**Exercise prompt**
In the entries below, begin at the line with "Pendientes colgantes vintage" and stop after the line with "До отплытия гости"; output those lines exactly and omit the pictures.

**Record excerpts**
╔══

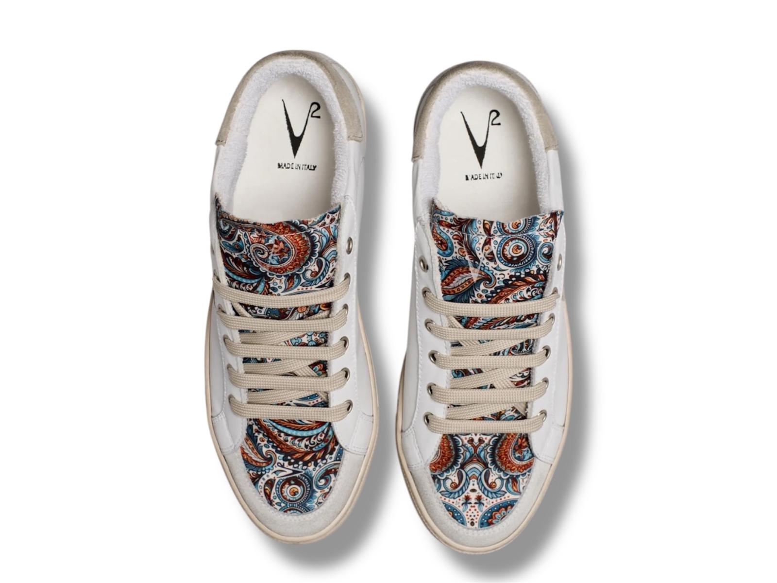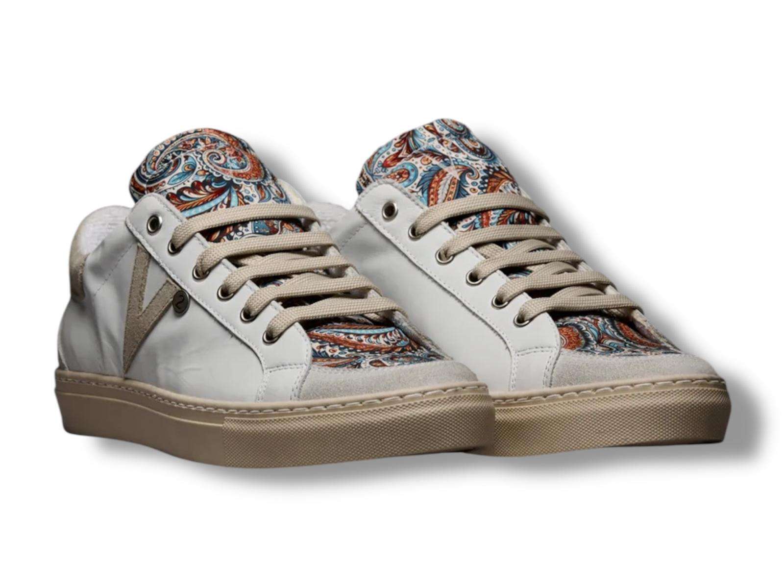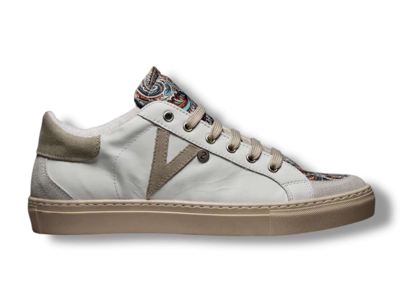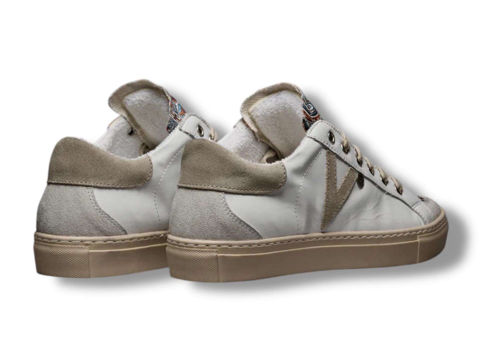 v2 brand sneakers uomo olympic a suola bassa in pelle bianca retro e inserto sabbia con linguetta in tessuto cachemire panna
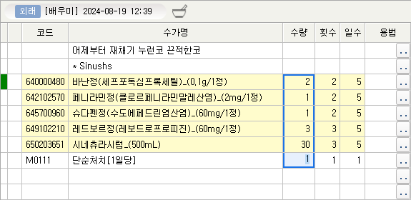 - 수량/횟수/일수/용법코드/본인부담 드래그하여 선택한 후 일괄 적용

╚══
╔══

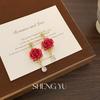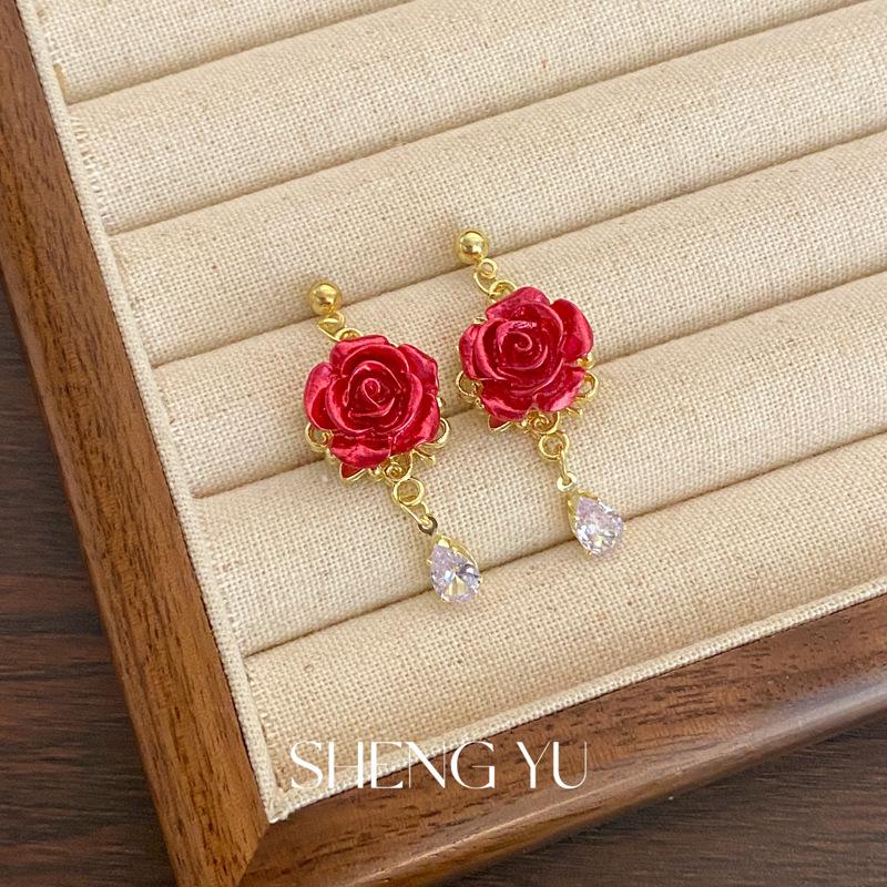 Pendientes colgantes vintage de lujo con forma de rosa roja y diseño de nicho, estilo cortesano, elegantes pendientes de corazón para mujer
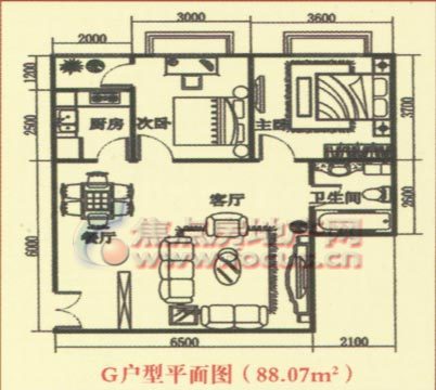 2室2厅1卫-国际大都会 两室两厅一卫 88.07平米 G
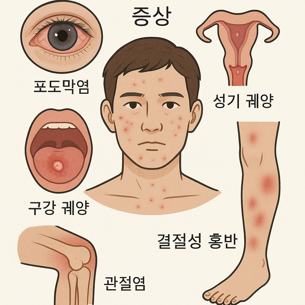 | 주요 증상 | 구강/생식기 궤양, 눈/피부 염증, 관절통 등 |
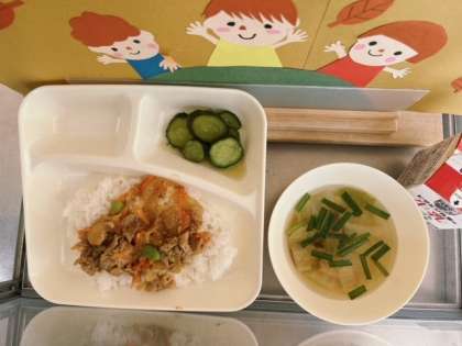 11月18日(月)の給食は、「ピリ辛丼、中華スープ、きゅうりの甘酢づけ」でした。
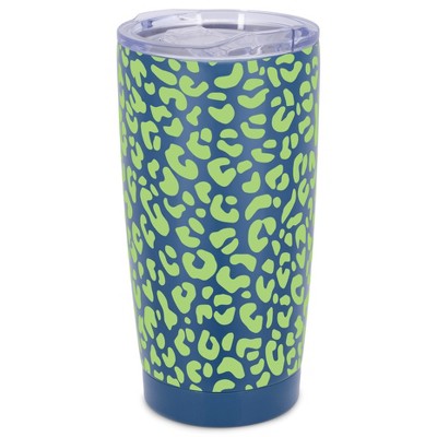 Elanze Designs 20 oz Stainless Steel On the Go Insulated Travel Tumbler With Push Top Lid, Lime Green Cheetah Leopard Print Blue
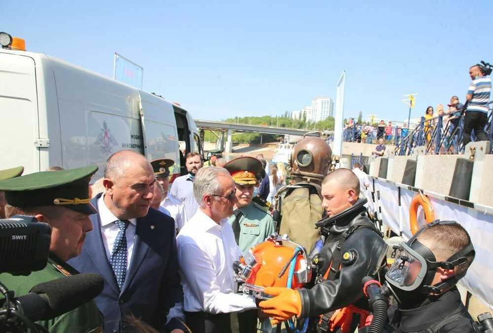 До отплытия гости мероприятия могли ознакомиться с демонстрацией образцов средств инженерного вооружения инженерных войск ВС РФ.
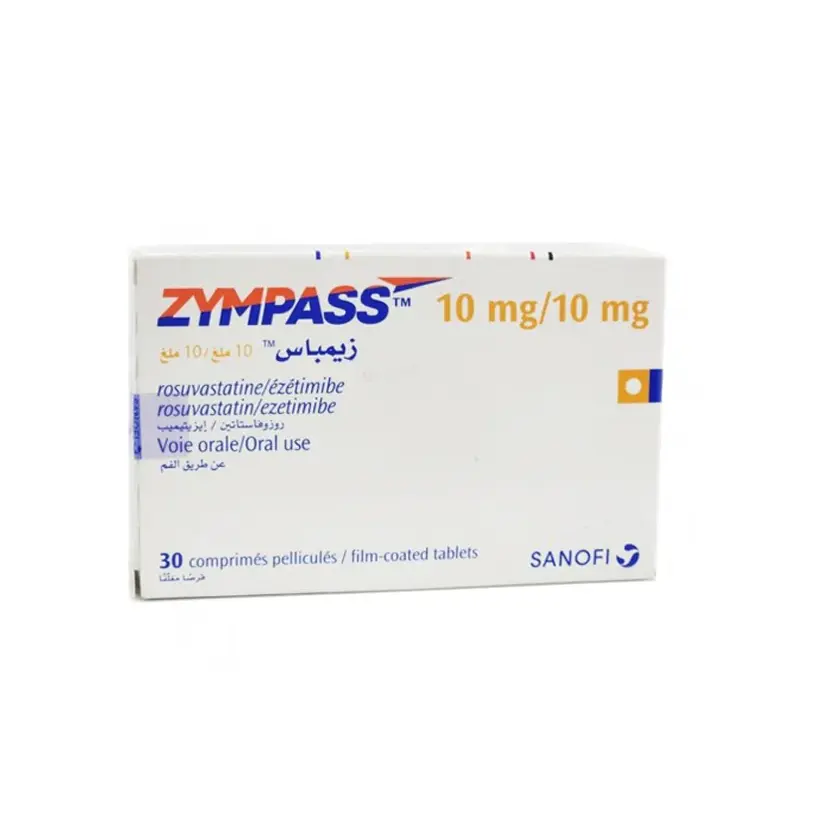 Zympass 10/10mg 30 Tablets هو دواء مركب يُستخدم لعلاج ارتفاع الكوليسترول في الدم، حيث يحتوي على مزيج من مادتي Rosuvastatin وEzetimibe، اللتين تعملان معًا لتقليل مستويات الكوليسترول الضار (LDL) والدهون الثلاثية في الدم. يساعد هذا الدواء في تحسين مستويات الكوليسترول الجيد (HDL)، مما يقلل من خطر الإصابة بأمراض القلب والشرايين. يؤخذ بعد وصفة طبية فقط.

╚══

**Expected answer**
 Pendientes colgantes vintage de lujo con forma de rosa roja y diseño de nicho, estilo cortesano, elegantes pendientes de corazón para mujer
 2室2厅1卫-国际大都会 两室两厅一卫 88.07平米 G
 | 주요 증상 | 구강/생식기 궤양, 눈/피부 염증, 관절통 등 |
 11月18日(月)の給食は、「ピリ辛丼、中華スープ、きゅうりの甘酢づけ」でした。
 Elanze Designs 20 oz Stainless Steel On the Go Insulated Travel Tumbler With Push Top Lid, Lime Green Cheetah Leopard Print Blue
 До отплытия гости мероприятия могли ознакомиться с демонстрацией образцов средств инженерного вооружения инженерных войск ВС РФ.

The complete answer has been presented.